I am recording a podcast and when I export it to mp3 it saves at a very large file size (an hour long recording saved at 64 kbps is 25MB) IS there anything I can do to reduce it. I have searched and found no problem like this one. I have also tried to uninstall and reinstall audio and to no avail.
I have several recorded pieces that do the same thing. I have even tried reducing to mono. No Luck!

Any Help would be appreciated

If you’re exporting at 64kbps CBR (constant bit rate) then there will be 64kb of data for every second of audio.
64 kb = 8 kB
1 hour = 3600 seconds
1 hour at 64 kbps = 3600 x 8 = 28800 kB = (about) 28 MB

A 64 kbps stereo track will share the bits between the left and right channels so there will be 32 kbps for the left channel and 32 kbps for the right channel.
A 64 kbps joint stereo track will use some bits to represent the data that is common to both channels, and some of the bits to represent the difference between the two channels.
If much of the audio is the same in left and right channels then “joint stereo” will produce better sound quality than “stereo” because most of the bits are available for the audio that is common to both channels.
A 64 kbps mono track will use all 64 kb of data for that one audio channel.
32 kbps mono will use 32 kb of data per second for one channel - roughly the same per channel as 64 kbps stereo.
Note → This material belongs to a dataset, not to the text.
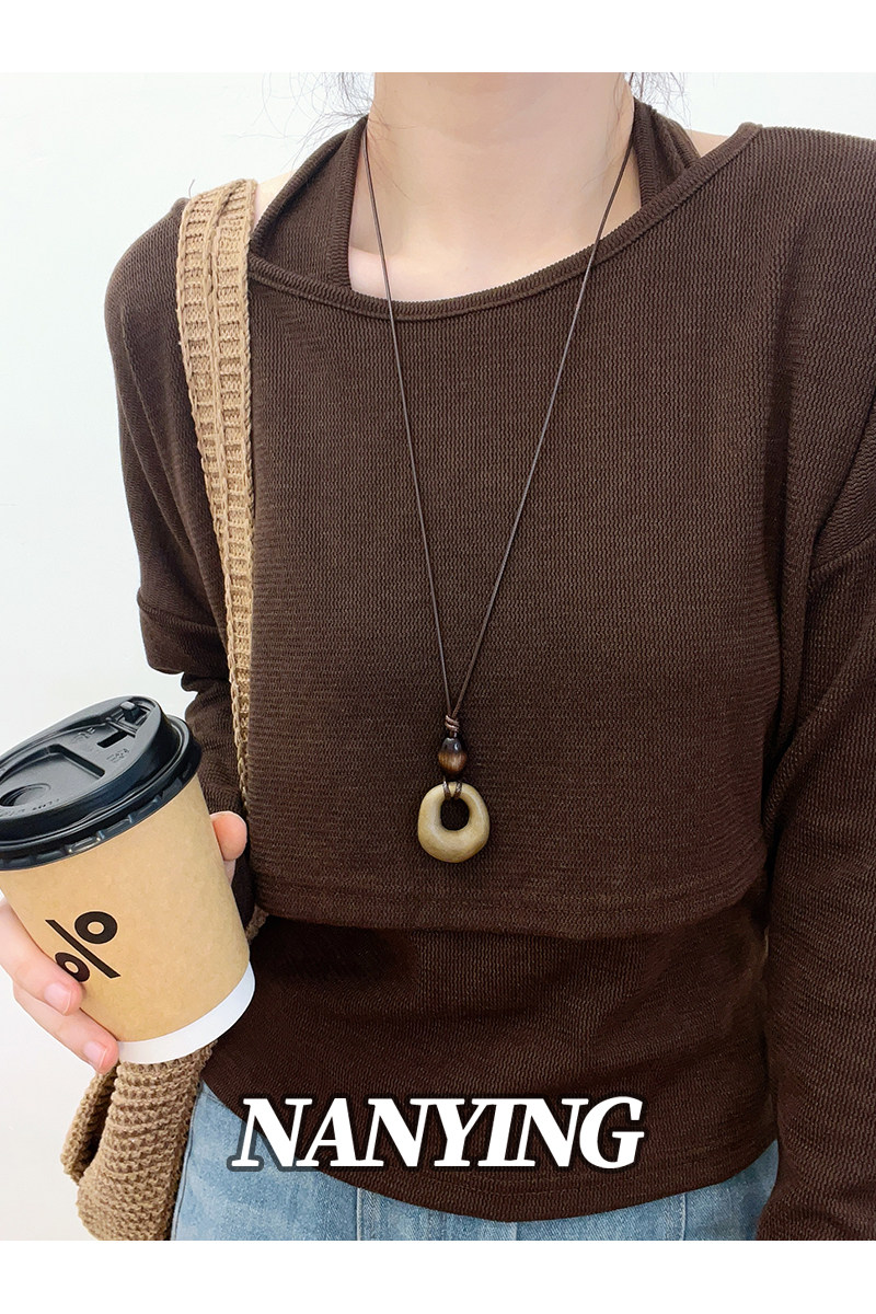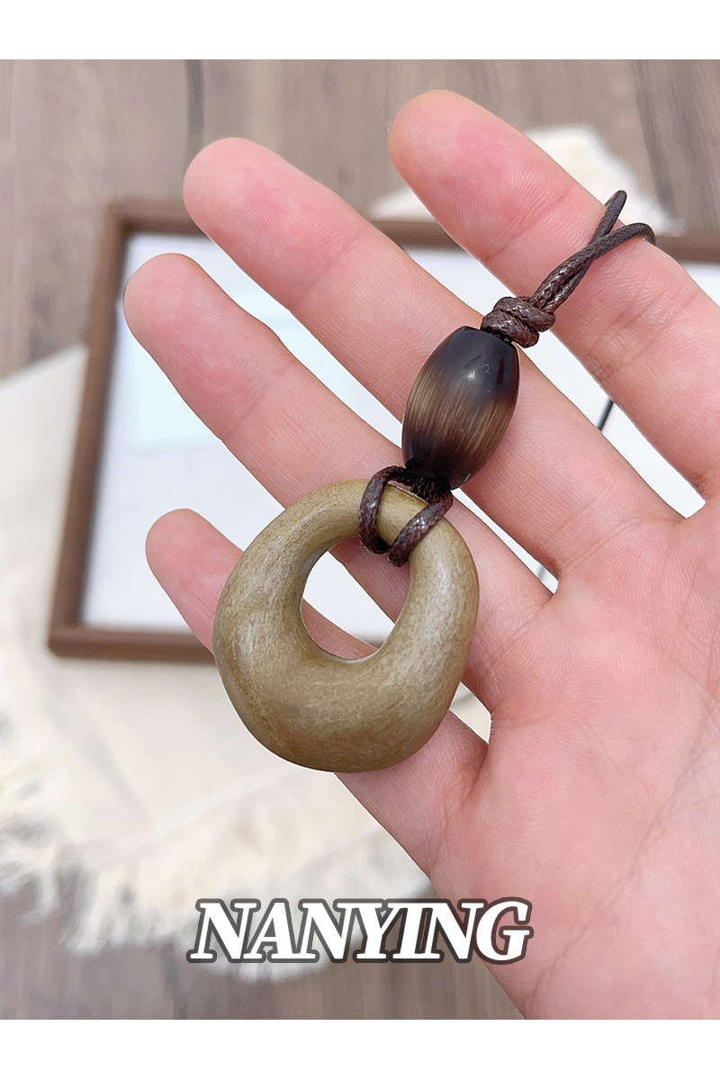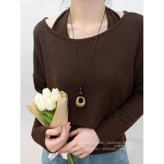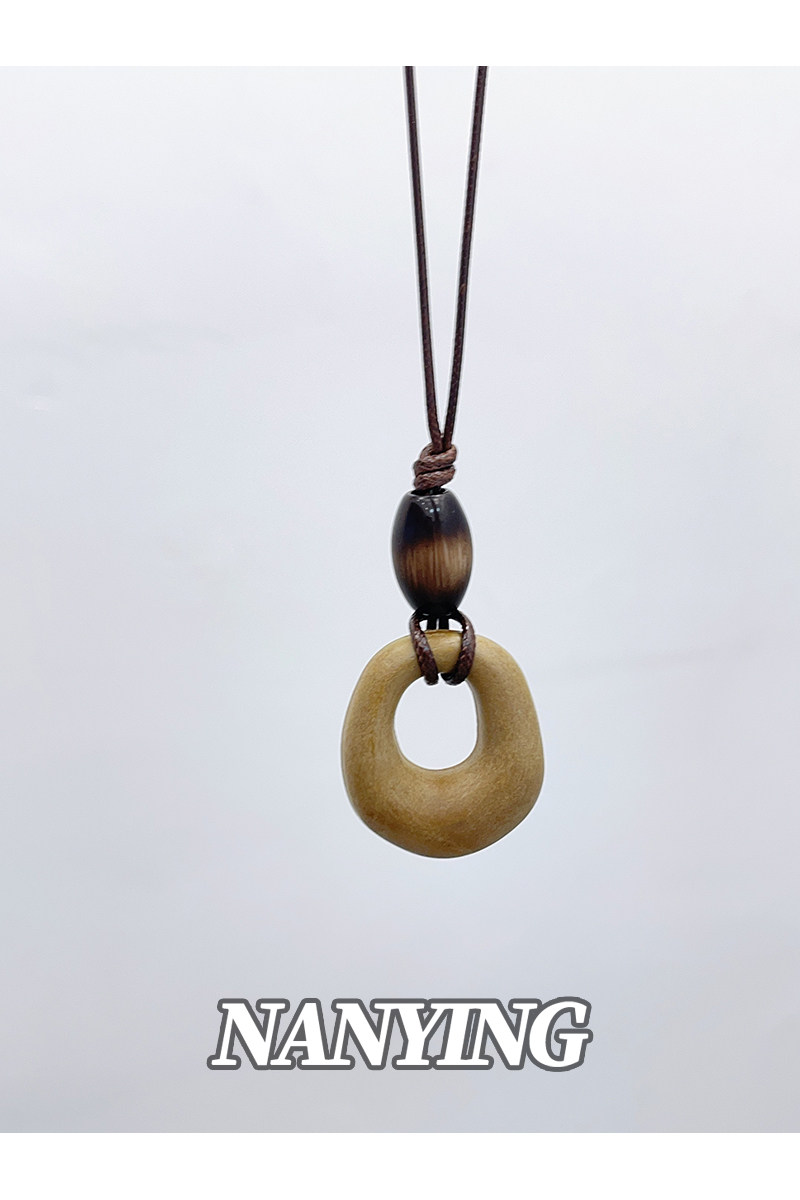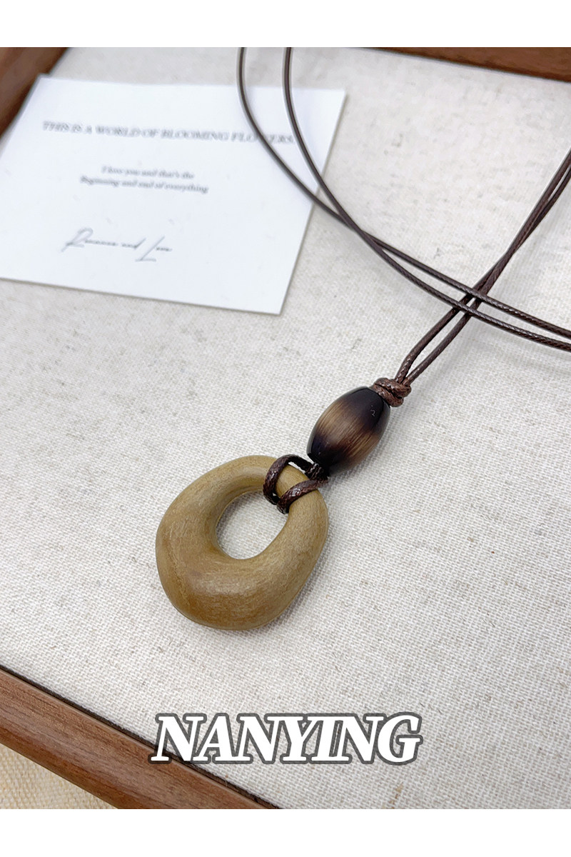 NANYING 禪意新中式復古咖色鏤空圓環項鍊長款民族風吊墜女毛衣鏈

Try converting the track to mono in Audacity, then export as 32 kbps (it does not matter if “stereo” or “joint stereo” are selected when you export a mono track).
This should produce a file that is roughly half the size that you are getting now.

Thank You, that explains alot. The problem I am having is still the audio is too large. I have used Audacity in the past and recorded tracks just as long or longer and when I export them to mp3, the size isn’t even 1MB.
I can’t figure out what the difference is. Does it occur when I’m recording? If so what settings should I be using?

Thanks in advance

Perhaps you were looking at the size of the Audacity .AUP file. The .AUP file is the “Audacity Project File” and it does not contain any audio data - it is just a text (XML) file that tells Audacity how to arrange the audio data in the Project.

Perhaps you were looking at much shorter recordings?

The arithmetic speaks for itself.
“64 kbps” is “64 kb (kilobit) per second” which is “8 kB (kilobyte) per second” so that’s around 28 MB per hour.
1 MB for an hour of audio would be 1024/60 kB per minute = 1024/3600 kB per second = 0.2844 kB per second = (less than) 3 bits per second which is not enough to produce any audio. A “bit” is a “binary digit” - a “1” or a “0”.
It is not possible to define one second of audio with only three “bits”.

Sometimes, a direct, outside solution can help:

http:_//_media.io/

Give this a shot with one of yhour podcasts and see how it works out.

Not in this case.
You can’t cheat the math.
Even at the highest MP3 compression (very low quality) an hour of audio requires about 3.4 MB.